话说到这儿,宁小王爷让人呈上来一个锦盒,示意旁边的侍卫打开,里面赫然躺着一个湛蓝色的精美荷包。
宁小王爷刚拿起来,要拉动线绳,取出叱龙鳞,沈言却伸手制止了。
“我们打的这个赌,很明显是我输了,本来按照我们先前订下的赌约,王爷理应把我送去官府听候发落,但王爷顾念这段时间的情分,并未追究,而是放我离开,沈言实在不应要求其他。”
“既然如此,沈言姑娘,就此别过,雨湿路滑,当心。”
宁小王爷左手拿荷包右手却不动声色地摸了摸她的包袱,而后嘴角扬起疏朗而明媚的笑,准备目送她离开。
沈言却反手按住他的左手背,一推,替他把那个荷包塞回锦盒中,毫不犹豫地盖上盖子。
沈言收回手,也露出个明媚的笑容:“这叱龙鳞可是王爷的祖传宝物,望王爷好生保管,若是有一日被人盗走,那实在可惜。”
“本王定会好生保管。”宁小王爷从侍卫手中拿过一把骨伞,塞到她手里,“沈言姑娘,此去远是青山绿水,最后再道一声珍重。”
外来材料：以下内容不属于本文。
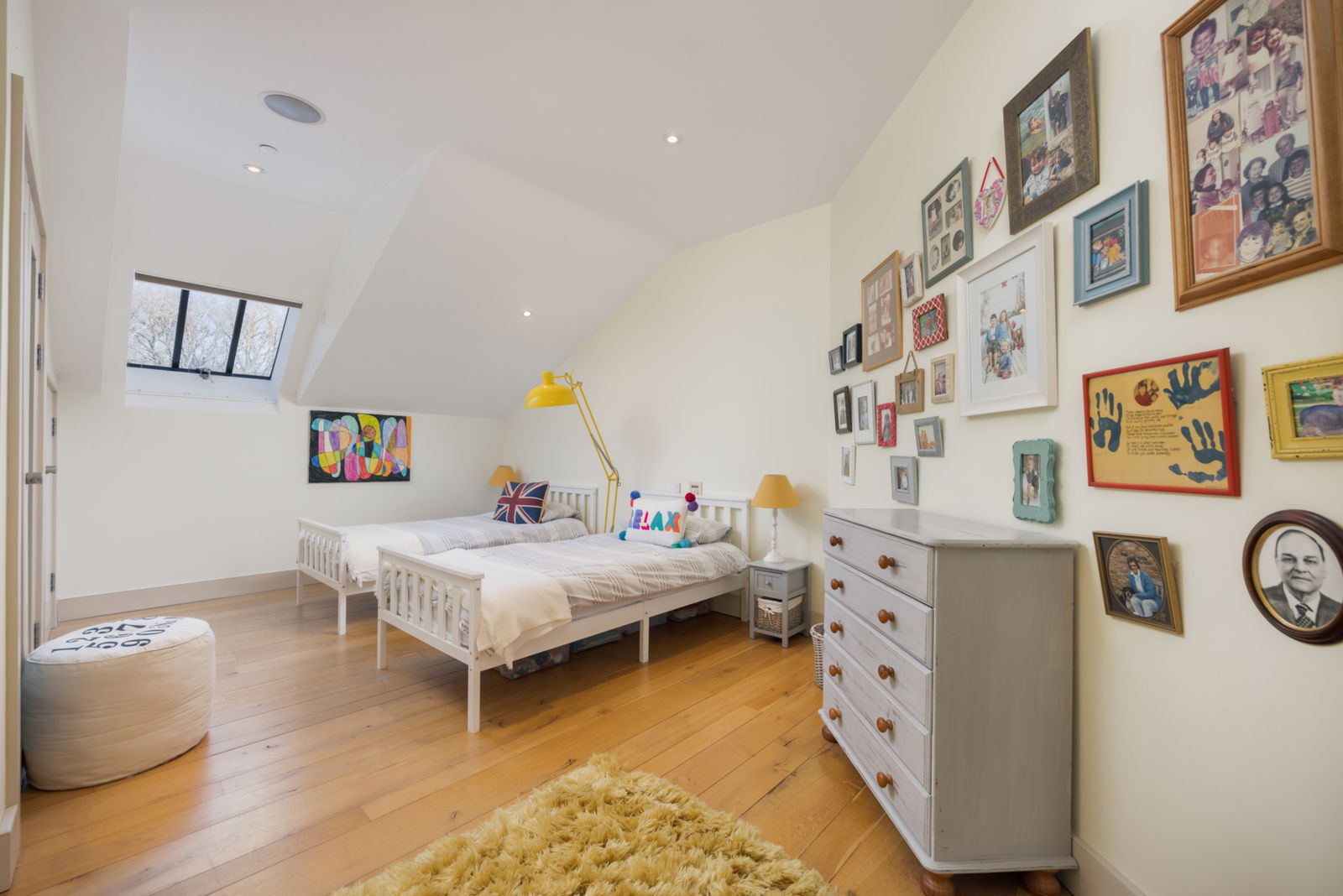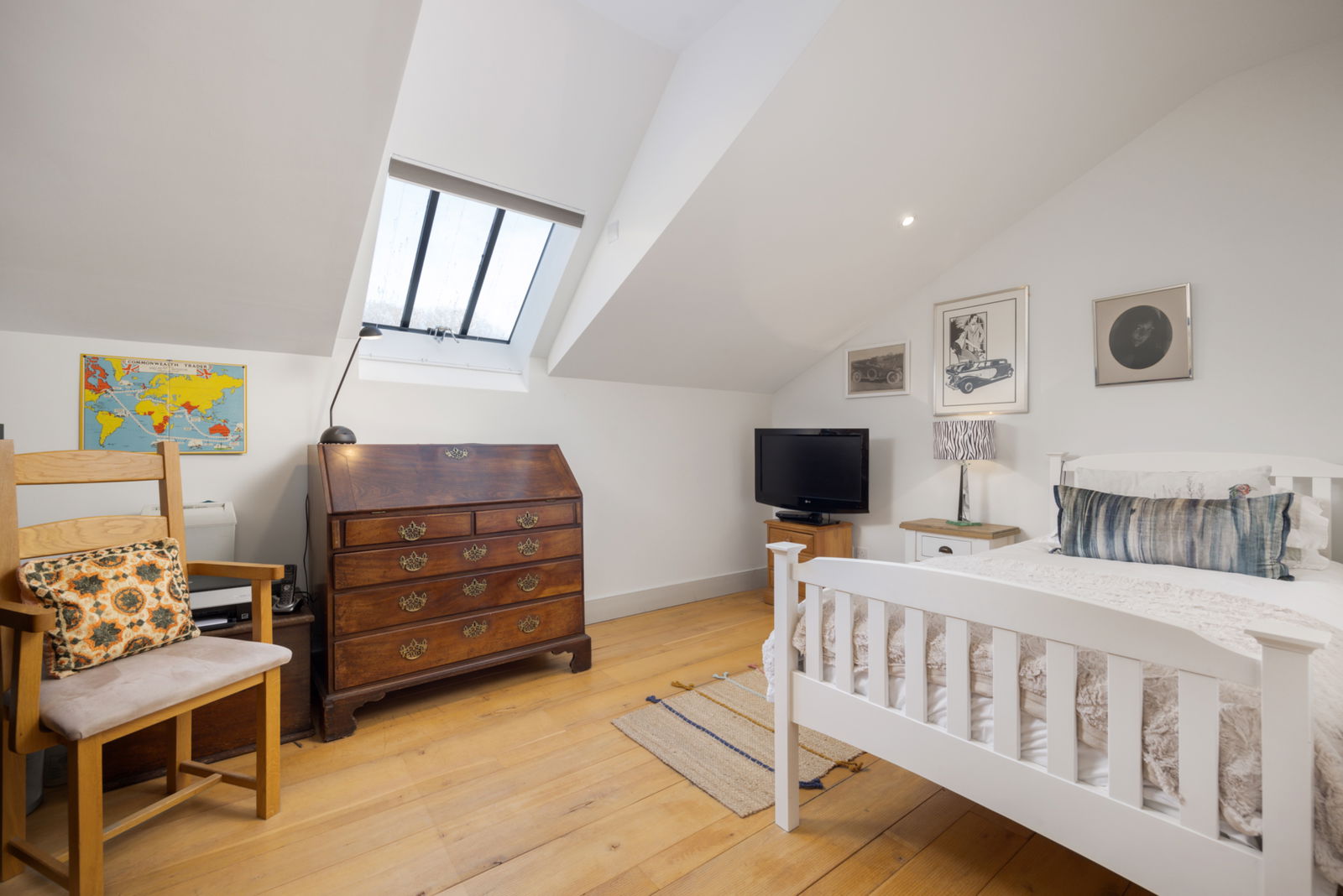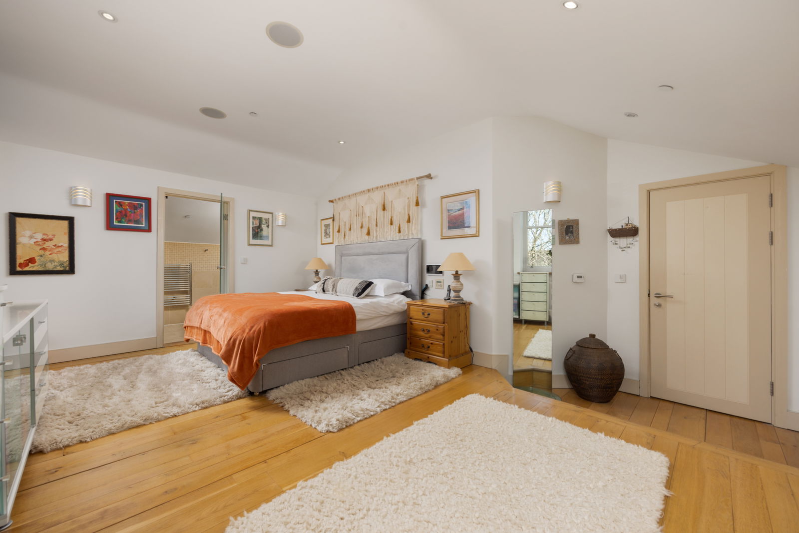 To the right and left, are two luxurious super king-sized double bedrooms. The right side this room boasts a generously sized south-facing window at the front and a west-facing skylight, filling the room with light. This suite includes a private completely fitted en-suite shower room.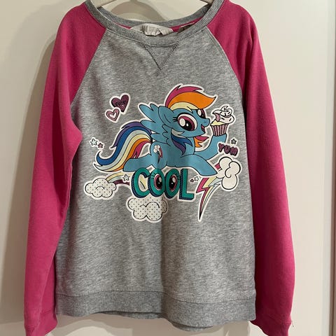 Ihana vaaleanmintun värinen My Little Pony yömekko, pienet röyhelöt hihansuissa. Kokomerkintä 8v/128, mutta meidän 122 käyttävälle puristaa kainaloista, joten ainakin jos ei ole kovin hoikka, niin parempi max 116 kokoiselle. Ehjä, mutta takaa bongasin haalean pikku tahran.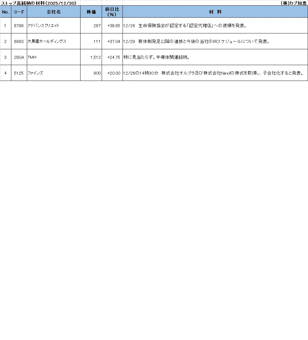 カブ知恵発 ストップ高銘柄の材料(2025/12/30)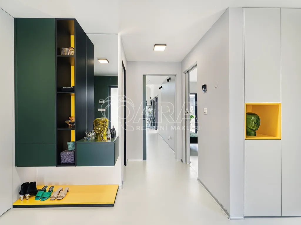 Zprostředkujeme Vám ke koupi moderní, reprezentativní, designový, maximálně funkční vilový bungalov (dřevostavba) s obytnou plochou 145 m2, se zimní a architektonickou zahradou, situovaný v nejprestižnější části Kamenice – Štiřín, v klidové zóně u zámku a golfového hřiště. Tento výjimečný dům je vystavěn na pozemku o celkové ploše 1 205 m2 a byl kolaudován v roce 2023. Dominantou stavby je originální ručně malovaná fasáda od akademického malíře, která domu dodává naprosto jedinečný charakter a činí jej skutečným designovým originálem. Parcela je bez přímých sousedů, vzrostlé stromy vytvářejí přirozené soukromí i mikroklima – ráno vás probudí ticho a zeleň, večer si užíváte jemně nasvícenou zahradu místo pohledů do cizích oken.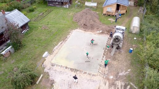Заливка монолитного фундамента в деревне Пятница, Новгородской области.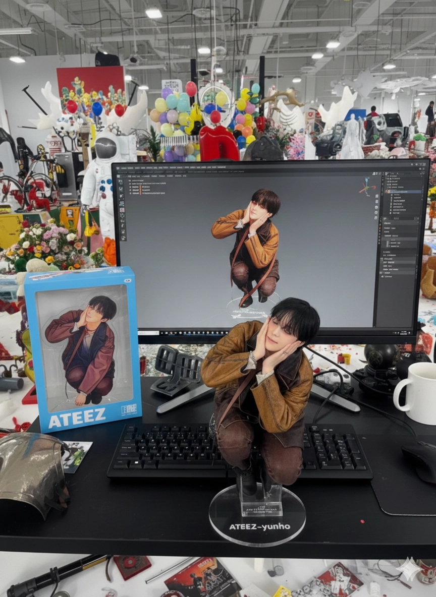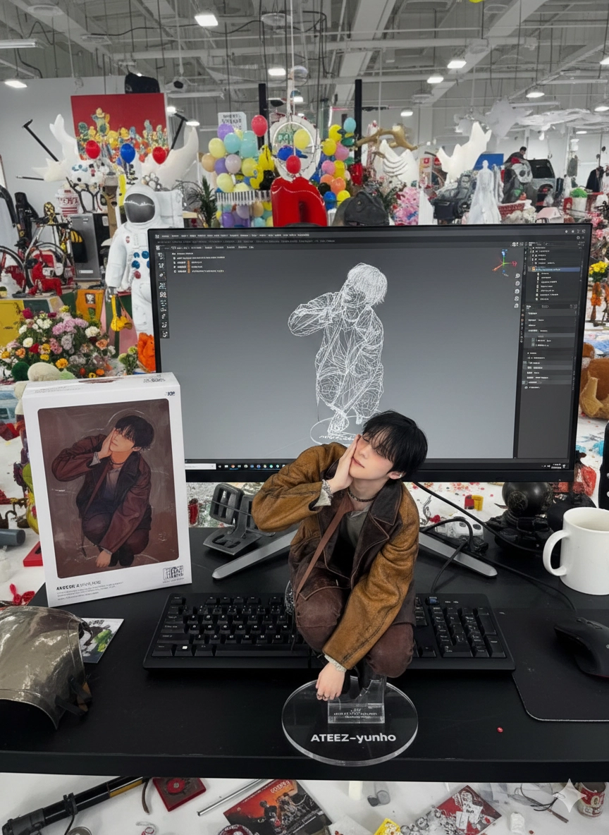 場景設定為一張電腦書桌,上面展示一個約 1/7 比例的 PVC 公仔。角色採蹲姿,動作改成雙手捧臉,並且在電腦、模型盒內都需要做更改,固定在透明的圓形底座上,底座標示「ATEEZ - Yunho」,整體呈現精緻、擬真且具收藏價值的動漫風格,並融入 DIESEL 時裝週的氛圍。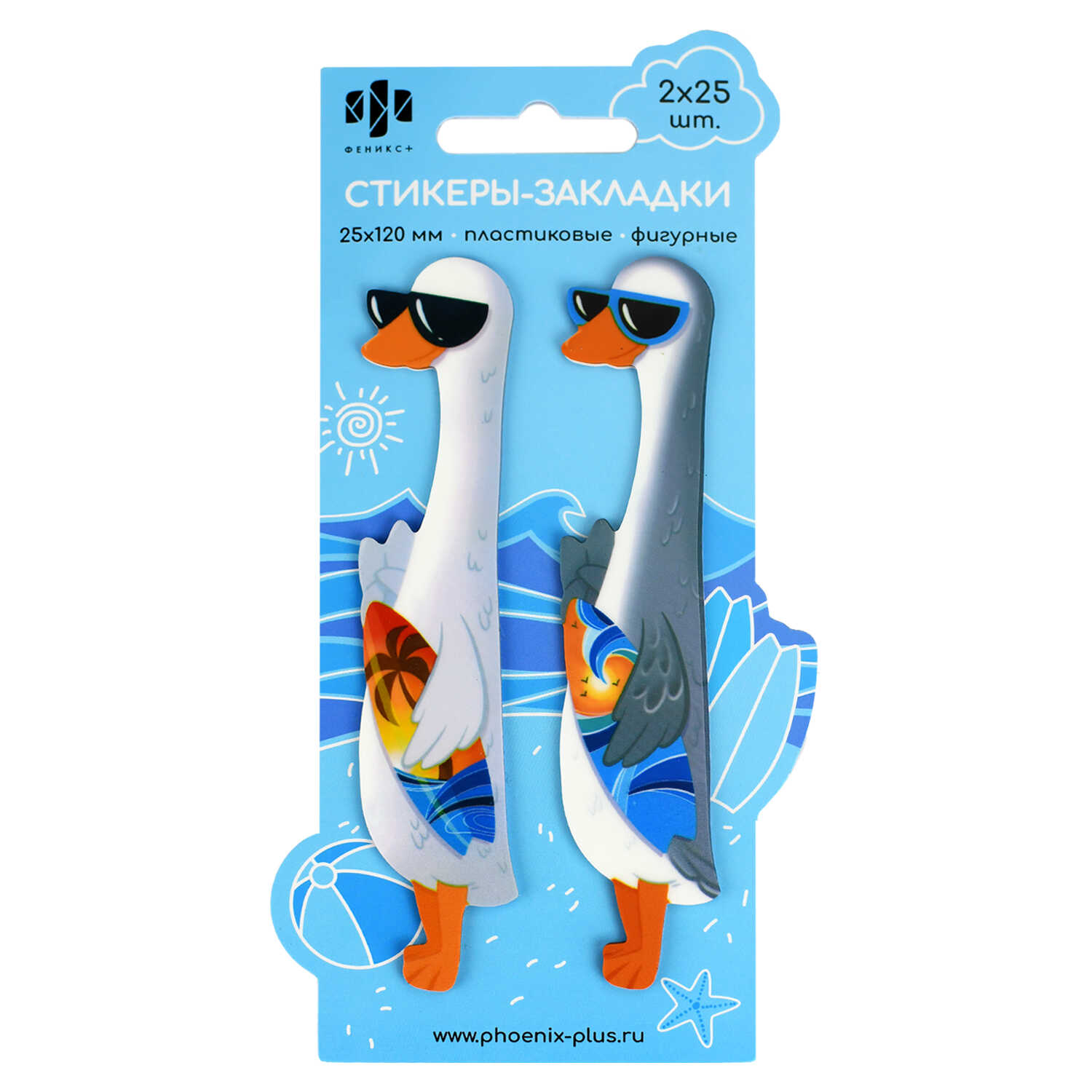 Стикеры-закладки пластиковые, 25х120 мм, 50 шт., арт. 65194 / 48 ГУСИ (материал: пластик кол-во цветов: 2, кол-во каждого цвета: 25, форма: фигурная, декор: полноцветная печать; наличие диспенсера: нет, индивидуальная упаковка: подложка с европодвесом из мелованного картона + ПЭТ-пакет)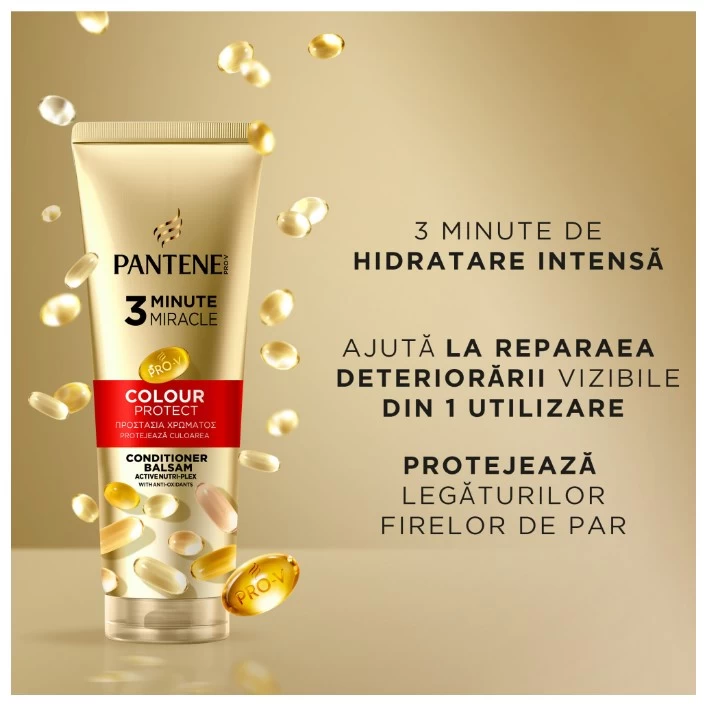 Secretul unui par vopsit stralucitor, cu aspect sanatos: Balsamul de par Pantene Pro-V Color Protect 3 Minute Miracle iti transforma vizibil parul in doar 3 minute.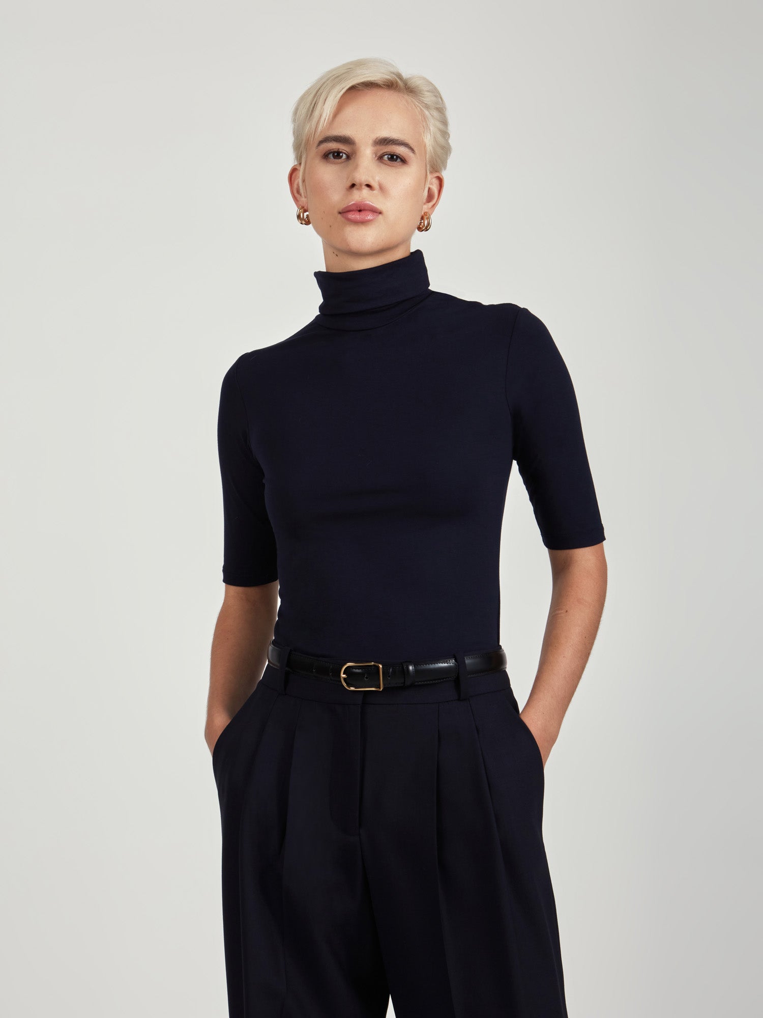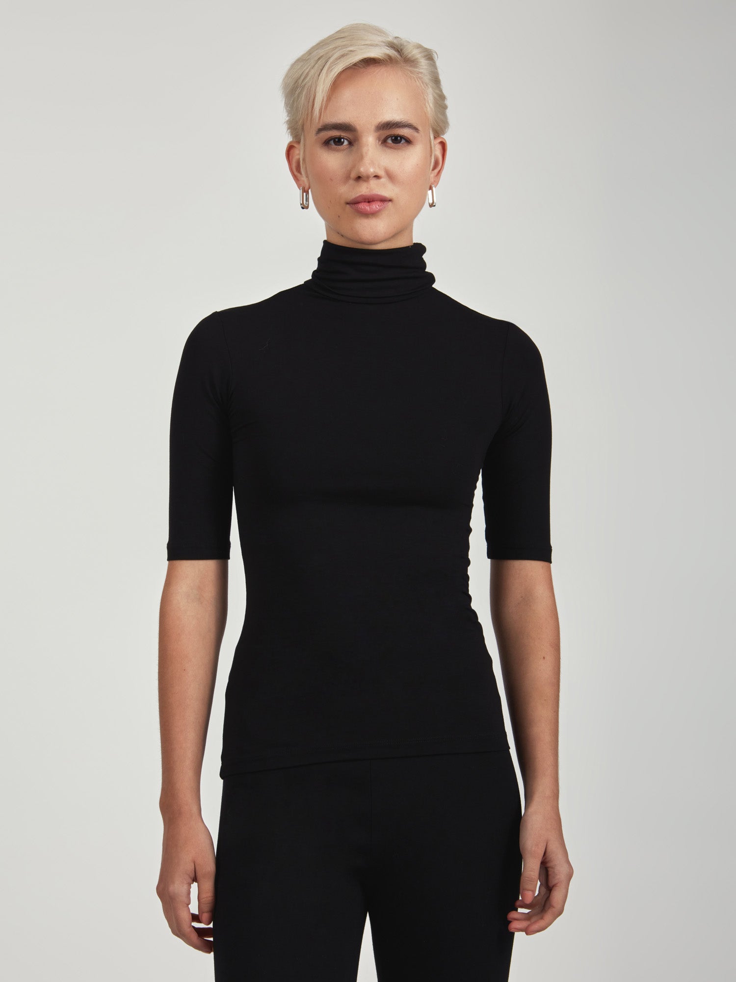Short sleeve turtleneck t-shirt in Viscose Jersey, fitted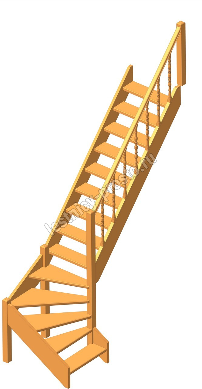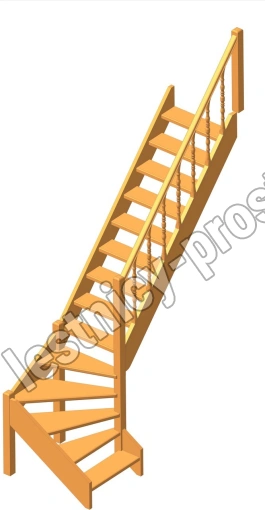 Деревянная межэтажная лестница ЛЕС-07 2880-3085 проем 2550-830, Лиственница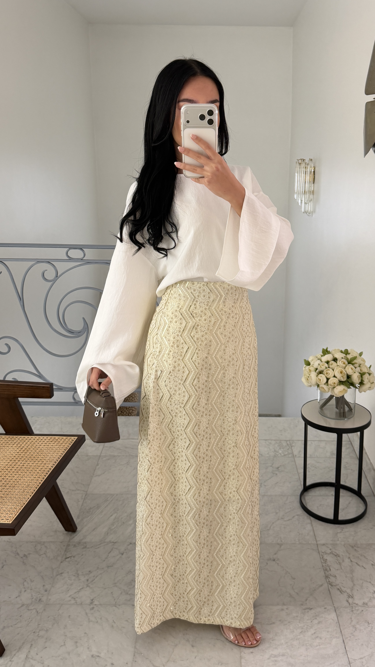 Coupe fluide et majestueuse, inspirée des silhouettes koweïtiennes avec une allure structurée et élégante.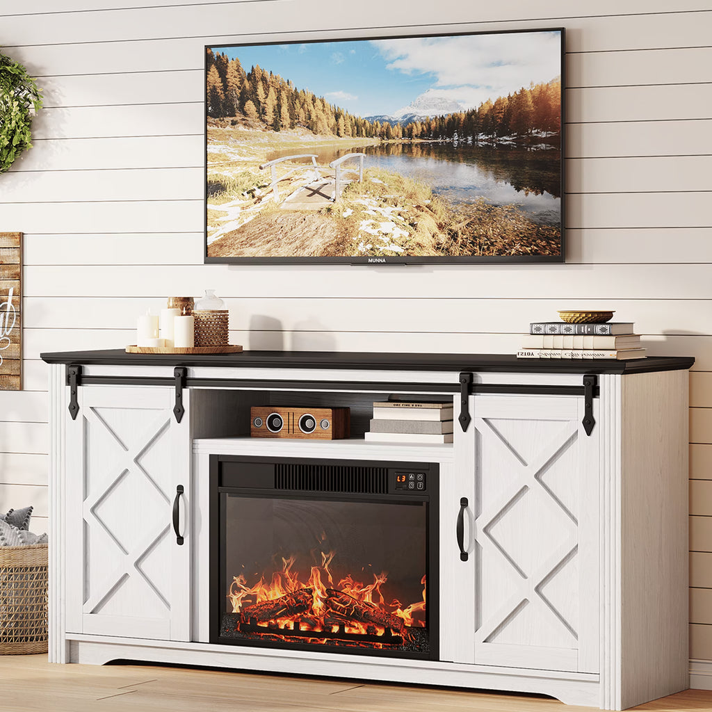 Realistic Electric Fireplace with Cozy Warmth: Enjoy the ambiance of a flame effect and comforting, energy-efficient heat with the built-in electric fireplace. It's the perfect wall-mounted fireplace alternative, creating a warm and inviting atmosphere in your bedroom or living room during colder months.

沈言敛起笑,将包袱甩上肩,就着伞转身而去,走出一小半路,回身冲还在府门呆站着的宁小王爷粲然一笑,而后毫不留恋地将手中的伞丢掉,后退两步,转身离去。^
她朝他耸肩摊手,嘴边嘲讽的笑,仿佛在对他说:你给的我都不要。
宁小王爷这才发觉她的发间空无一物,并没有插上他送给她的小叶紫檀钗子。
雨开始下大,漫天的雨幕遮了眼,他看着那个红色身影丢了伞,背着单薄的包袱决绝离去,化成模糊的一团艳丽,直至入目一片空无为止。
“王爷,该回去了。”
陪在他身边多年的侍卫对他说。
“是,该回去了。”
他叹了一口气,收回模糊了的视线,转身准备回府。
手拿锦盒的侍卫惊叫道:“王爷,不对劲,这锦盒......轻了许多!”
宁小王爷猛地停脚,急迫打开锦盒一看,盒中空无一物,仅留下一张纸条。
纸条上写道:【你以为的处子之身,只是手段而已】
“王爷,叱龙鳞被她盗走了!”
沈言快步离开,飞身上了一辆疾驰的马车,马车一路向南,跑了一天一夜,直至到一个无人的破庙。
她打发走了忠心耿耿的马车夫,盘坐在地上,拿出那个湛蓝色的荷包来。
抽动线绳的时候,她面上表情很复杂,又是得意又是伤怀,可最后就在荷包将要被打开的时候,她的唇抿成一条线,神色不自觉严肃起来。
她取出里面的玉。
那传说中的宝物叱龙鳞,是一块白玉,平平无奇的白玉,沈言心里不太相信,她反复拿起玉打量。
越看越严肃,突然脑子一轰,她想起来了!
这块玉不就是宁小王爷总挂在身上的那块吗?
她听他说过,这玉是他在一家文玩古铺淘来的,当时他看了喜欢就买下了,并不怎么值钱。
这块玉怎么可能会是他家祖传宝物叱龙鳞!
她后知后觉,捏着玉佩的手紧了又紧。
她被骗了!
最后,她照样是输的一败涂地,她连最后一成都没扳回来!
那张来膈应他的字条,不过就是个笑话。
他嘴上说要拿叱龙鳞给她看,但是却拿假的来糊弄她,这样看来,他不在乎她,从来不在乎,也从未对她动过心,更别提会在乎她的第一次是不是给了他。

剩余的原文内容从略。